A lesson we’ve learned in experimentation at Datadog is how easy it is to fall into interpretative pitfalls even when following rigorous conventions. For example, consider an experimentation program that appears to do everything right on the surface. The team pre-determines experiment sample sizes to provide a small minimal detectable effect (MDE) for a product change, waits until those sample sizes have been reached to make decisions, and ships only experiments that are statistically significant at the 95% confidence level.

The problem becomes apparent when the team looks at multiple experiments in aggregate. Recall what a 95% confidence level guarantees: Even when a change has no true effect, the test will still flag it as significant 5% of the time purely by chance. If only 5% of the experiments are statistically significant, the program has the same rate as one that tests exclusively changes that have zero true effects. In such a scenario, every winning experiment is a mirage despite the team using statistical methods that control the false positive rate (under the null hypothesis).

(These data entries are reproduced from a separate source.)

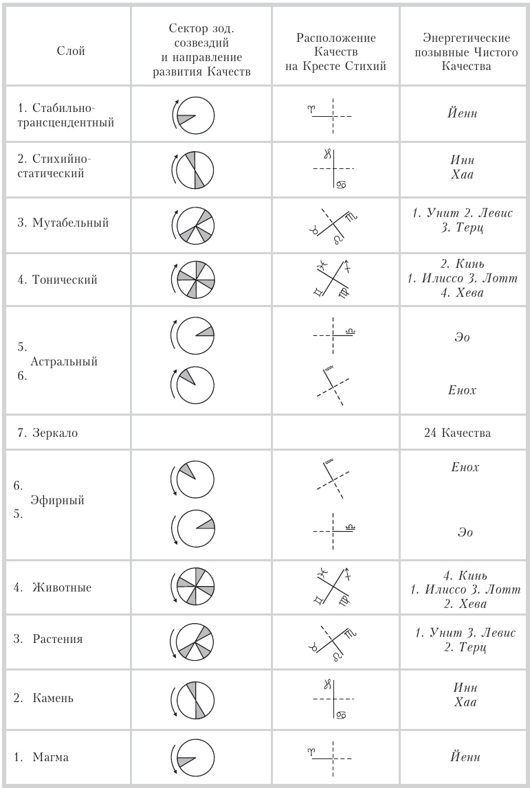 Дело в том, что будущие Цари Зон этого Качества еще не рождены, а Мастера еще не вступили в работу. Эти Качества будут осваиваться Землей-Алес последними, заключая ее цепь исполнения Плана. Пока же ниша этих Мастеров занята перемешанным фантомным материалом эманаций предыдущих Качеств, а соответствующий материал не освоен и находится в слабо структурированном состоянии в Астральном слое. Более подробно вы можете узнать об этом из предыдущих книг серии «Книга Жизни», а мы в дальнейшем будем касаться этих сведений постольку, поскольку они относятся к нашей теме, в разговоре о направлении дальнейшего развития человека и Земли в целом.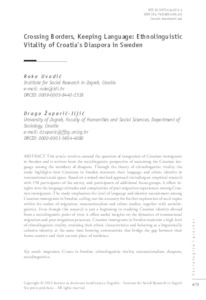 | Additional Information: | Language: English. - Title in Croatian: Prelaženje granica, očuvanje jezika: etnolingvistička vitalnost hrvatske dijaspore u Švedskoj. |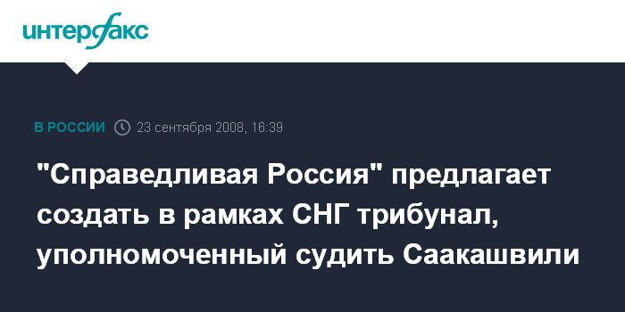 Москва. 23 сентября. INTERFAX.RU - Фракция "Справедливая Россия" предложила премьер-министру Владимиру Путину рассмотреть возможность учреждения в рамках СНГ трибунала, который осуждал бы и наказывал действия, подобные действиям лидера Грузии Михаила Саакашвили.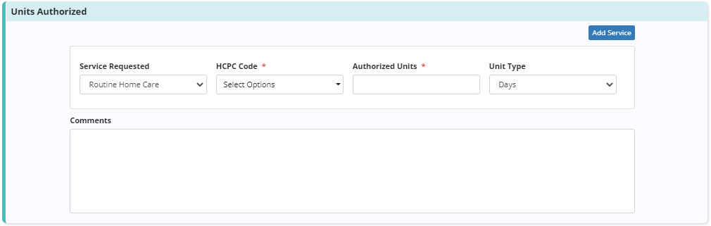 Once all fields in the Details section are complete, enter the services authorized or requested by the payer. In the Units Authorized section, select the HCPC code based on the service location (Q code). If Authorized Units is selected as the authorization type, the number of authorized units and unit type will be added to the service requested. If more than one service is authorized or requested, click the Add Service button.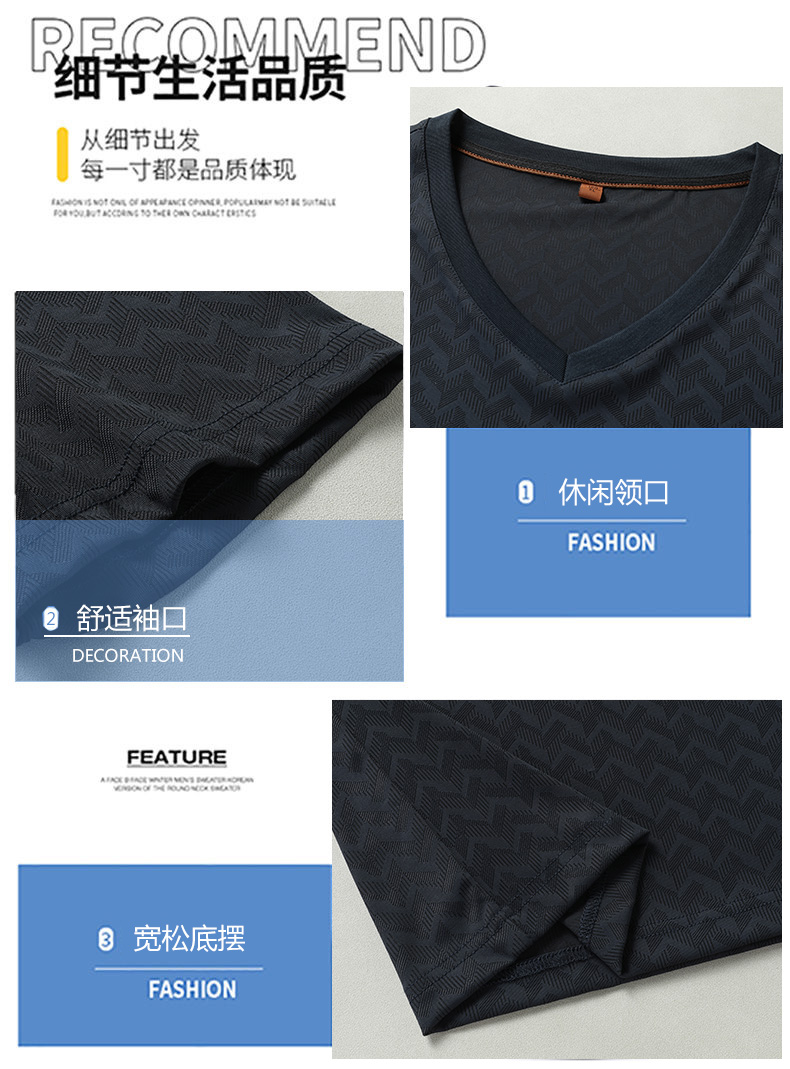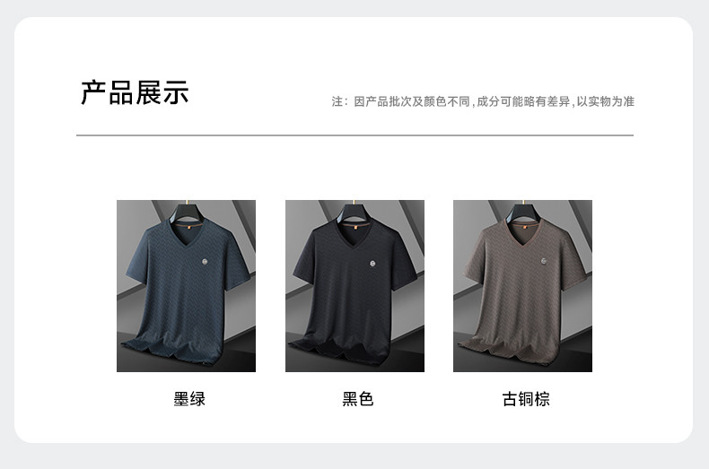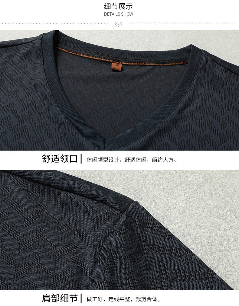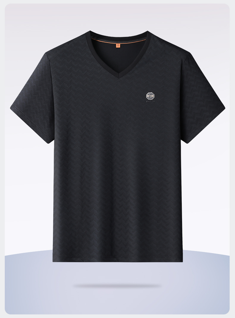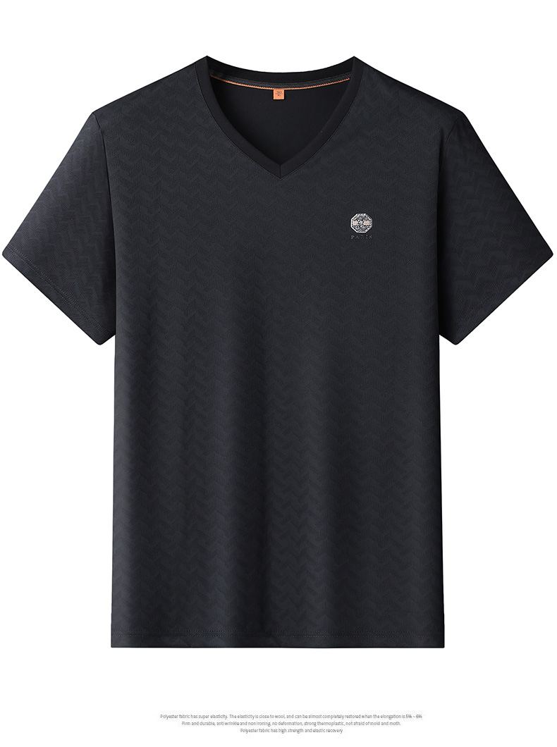 【V领】【冰丝高弹】【新款DWP】大依优型大码条纹短袖T恤加肥加大男士大号弹力透气舒适夏季半袖
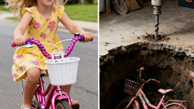 Bajo una losa de hormigón, cubierta de polvo y óxido, yacía una pequeña bicicleta rosa ; la cesta blanca estaba aplastada, pero aún se distinguía. Cintas moradas y rosas ondeaban tenuemente desde el manillar.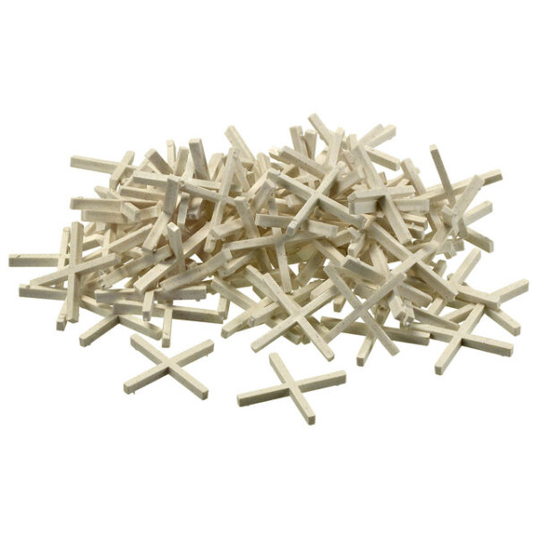 Kakelkryss i plast för att ge en jämn fogbredd vid plattsättning. Kryssen kan sitta kvar i fixet då fogen täcker dem.

This example illustrates the importance of the effect distribution, or the distribution of true effects across a set of related experiments. In our previous example, the results are consistent with an effect distribution that is a point mass concentrated exactly at zero, which is equivalent to the distribution under the null hypothesis of no effect. In this case, it’s clear that the experimentation program would be chasing its own tail because there are no true wins, and common statistical methods fail us because any significant result is a false positive. An individual significant result might seem convincing in isolation, but it’s far less so with the context that 5% of the tests from the program are significant.